■ GOAL OF THE EXERCISE ■
The entries below contain pictures. Write out only the lines from the line with "今天早上五点左右出来,走到河" up to and including the line with "Figure 2: EGFR", exactly, without them.

■ DATA ■
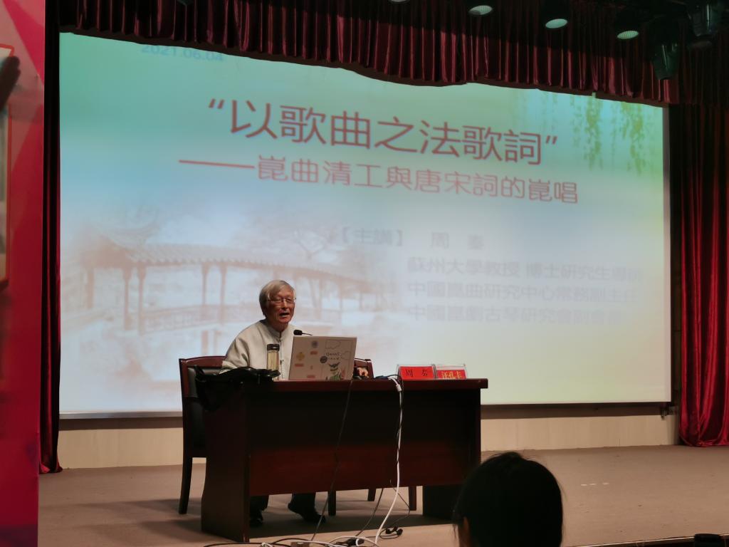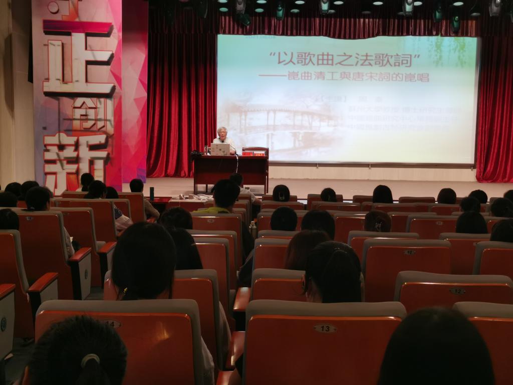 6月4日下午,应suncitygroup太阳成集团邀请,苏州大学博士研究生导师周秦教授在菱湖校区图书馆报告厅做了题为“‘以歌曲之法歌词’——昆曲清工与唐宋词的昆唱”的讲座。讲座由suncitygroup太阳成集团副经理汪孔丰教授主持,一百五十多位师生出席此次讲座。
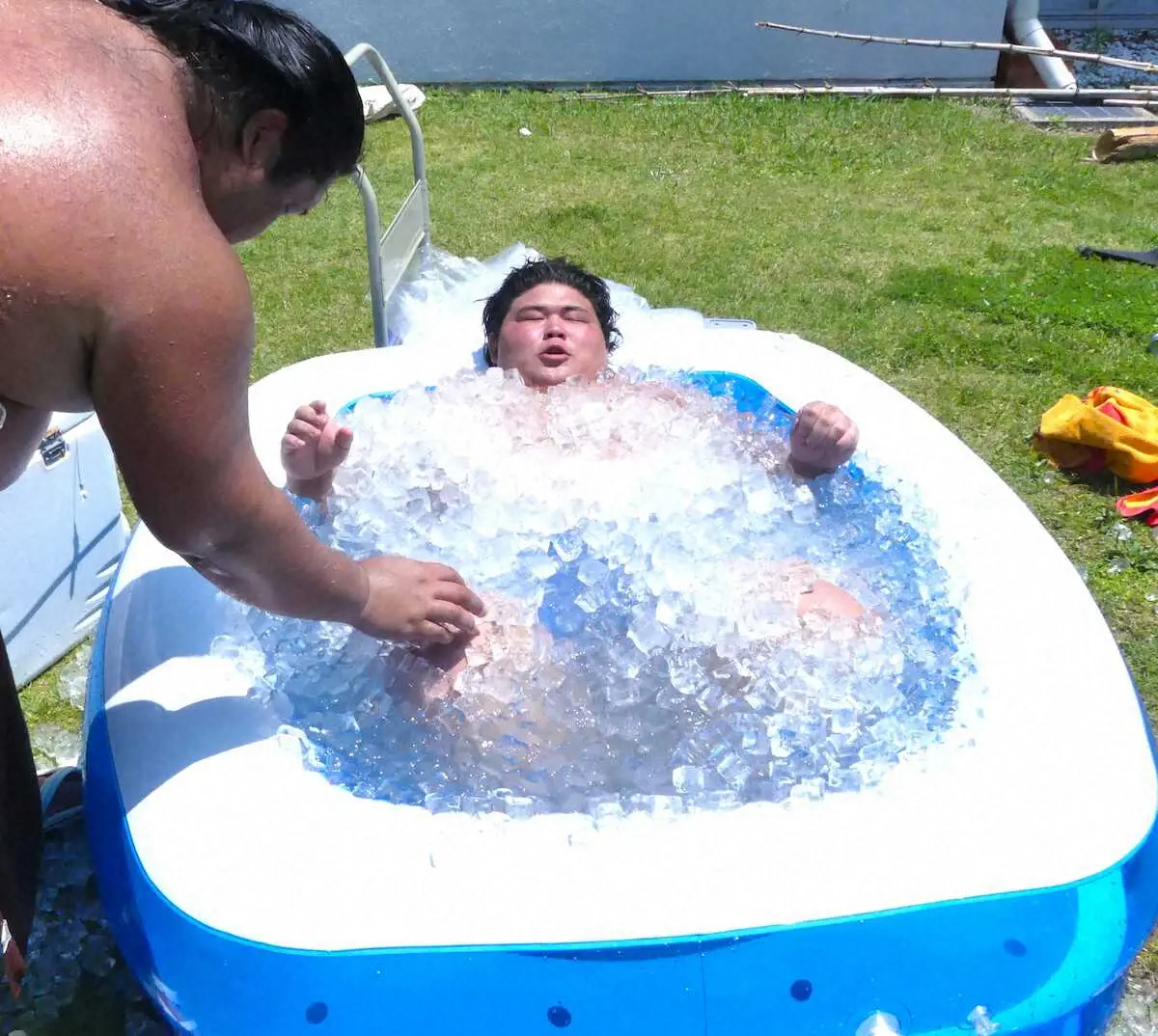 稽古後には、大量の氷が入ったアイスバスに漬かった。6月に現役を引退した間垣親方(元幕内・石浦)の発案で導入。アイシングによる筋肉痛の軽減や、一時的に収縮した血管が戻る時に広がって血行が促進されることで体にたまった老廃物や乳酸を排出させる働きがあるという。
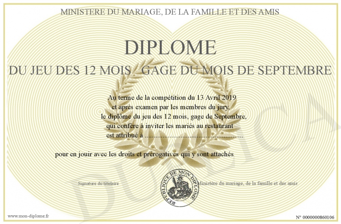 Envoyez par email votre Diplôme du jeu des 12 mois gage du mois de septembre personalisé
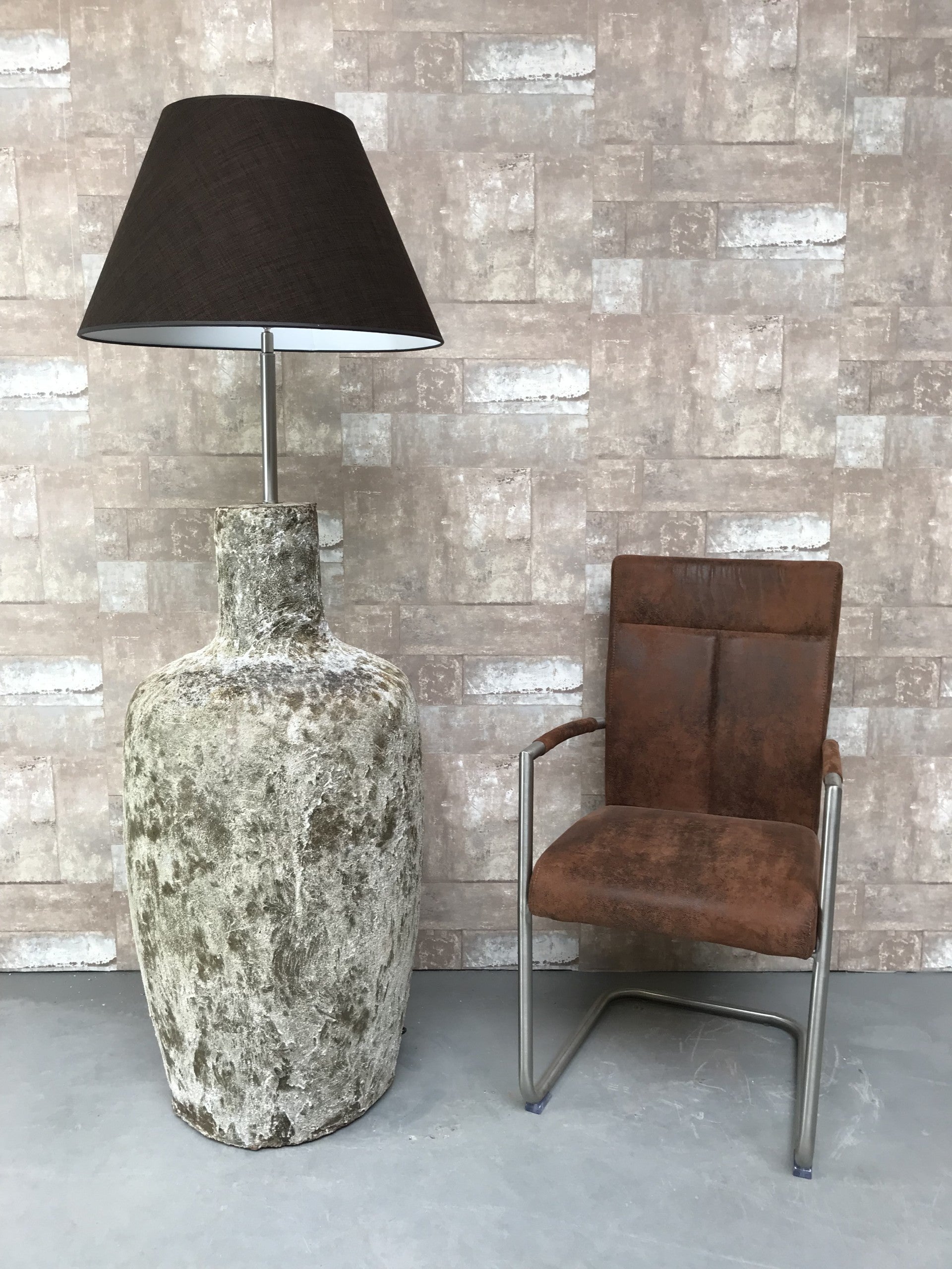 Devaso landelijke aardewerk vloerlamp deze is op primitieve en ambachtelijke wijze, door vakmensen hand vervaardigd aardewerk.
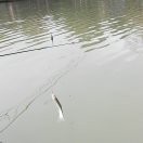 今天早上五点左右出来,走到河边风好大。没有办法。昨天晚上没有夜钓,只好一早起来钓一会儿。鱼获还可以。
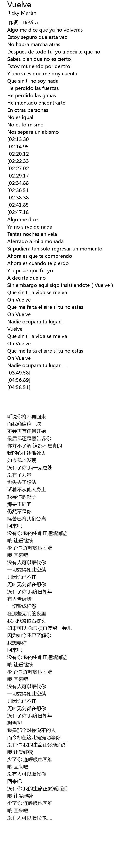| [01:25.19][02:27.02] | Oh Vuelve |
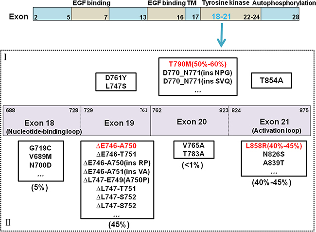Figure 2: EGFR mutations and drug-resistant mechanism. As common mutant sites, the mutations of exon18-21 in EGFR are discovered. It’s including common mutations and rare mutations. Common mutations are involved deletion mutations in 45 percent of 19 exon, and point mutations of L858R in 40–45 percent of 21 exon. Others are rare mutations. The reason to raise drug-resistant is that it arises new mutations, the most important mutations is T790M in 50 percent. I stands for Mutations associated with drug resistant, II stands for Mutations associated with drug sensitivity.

---

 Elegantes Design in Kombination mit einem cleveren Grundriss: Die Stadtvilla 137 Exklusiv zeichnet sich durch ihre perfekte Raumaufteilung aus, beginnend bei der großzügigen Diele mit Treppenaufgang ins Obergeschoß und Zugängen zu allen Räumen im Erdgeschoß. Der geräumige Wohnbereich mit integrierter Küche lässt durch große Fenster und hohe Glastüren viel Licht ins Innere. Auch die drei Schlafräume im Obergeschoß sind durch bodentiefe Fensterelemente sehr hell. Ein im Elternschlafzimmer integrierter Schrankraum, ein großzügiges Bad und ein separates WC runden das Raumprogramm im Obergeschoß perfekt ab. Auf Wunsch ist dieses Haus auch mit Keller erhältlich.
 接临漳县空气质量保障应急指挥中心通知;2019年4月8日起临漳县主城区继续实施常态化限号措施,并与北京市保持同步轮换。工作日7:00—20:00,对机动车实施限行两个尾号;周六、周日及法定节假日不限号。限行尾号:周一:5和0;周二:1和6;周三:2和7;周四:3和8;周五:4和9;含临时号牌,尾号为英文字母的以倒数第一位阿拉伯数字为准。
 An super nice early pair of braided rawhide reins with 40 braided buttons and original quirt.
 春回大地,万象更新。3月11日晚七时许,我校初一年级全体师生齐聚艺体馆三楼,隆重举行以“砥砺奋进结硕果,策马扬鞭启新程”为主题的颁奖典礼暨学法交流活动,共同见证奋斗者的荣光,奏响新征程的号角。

---

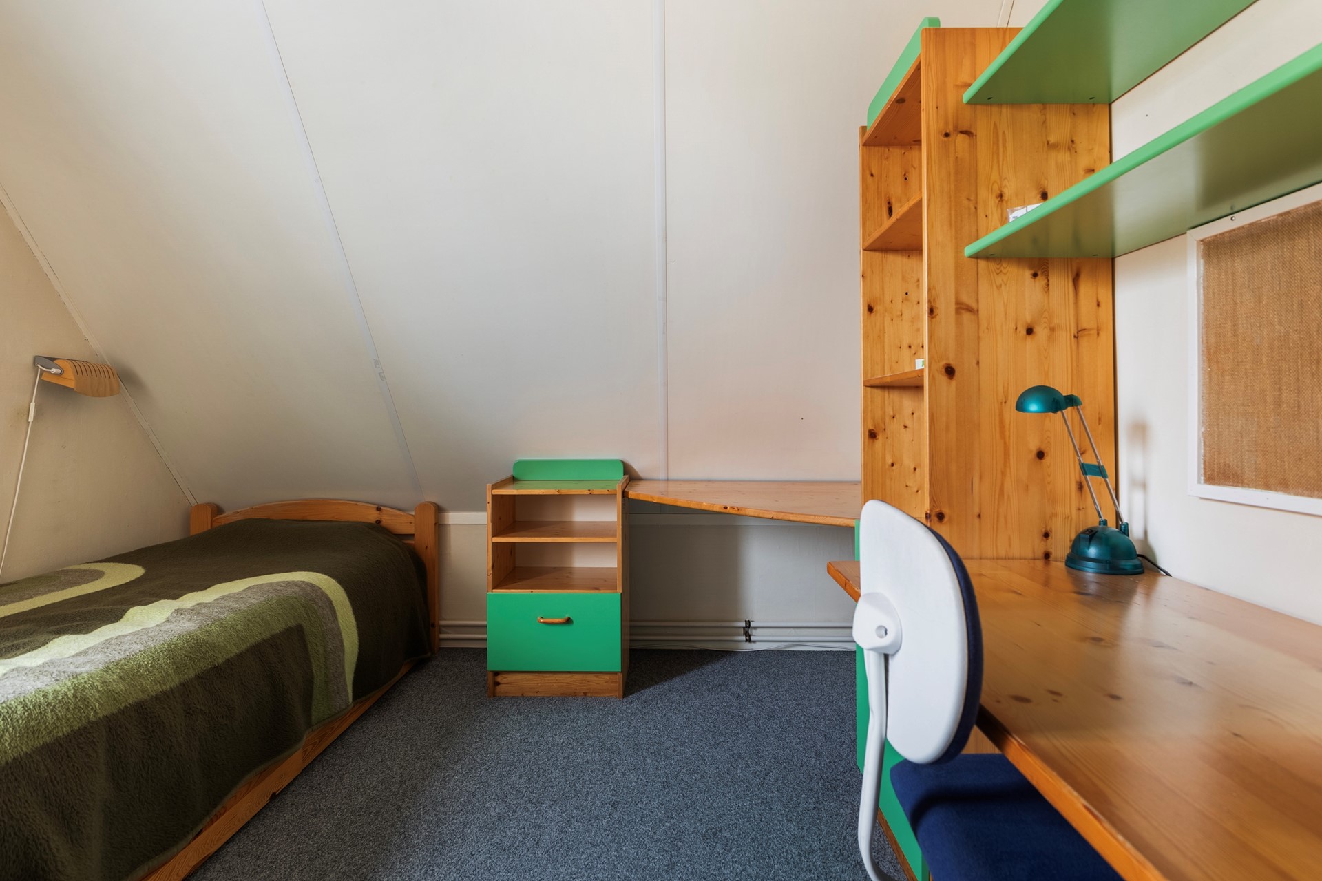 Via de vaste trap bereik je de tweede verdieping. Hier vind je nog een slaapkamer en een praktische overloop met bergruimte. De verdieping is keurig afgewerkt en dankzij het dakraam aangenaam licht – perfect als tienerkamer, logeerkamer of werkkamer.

■ ANSWER BELOW ■
 今天早上五点左右出来,走到河边风好大。没有办法。昨天晚上没有夜钓,只好一早起来钓一会儿。鱼获还可以。
| [01:25.19][02:27.02] | Oh Vuelve |
Figure 2: EGFR mutations and drug-resistant mechanism. As common mutant sites, the mutations of exon18-21 in EGFR are discovered. It’s including common mutations and rare mutations. Common mutations are involved deletion mutations in 45 percent of 19 exon, and point mutations of L858R in 40–45 percent of 21 exon. Others are rare mutations. The reason to raise drug-resistant is that it arises new mutations, the most important mutations is T790M in 50 percent. I stands for Mutations associated with drug resistant, II stands for Mutations associated with drug sensitivity.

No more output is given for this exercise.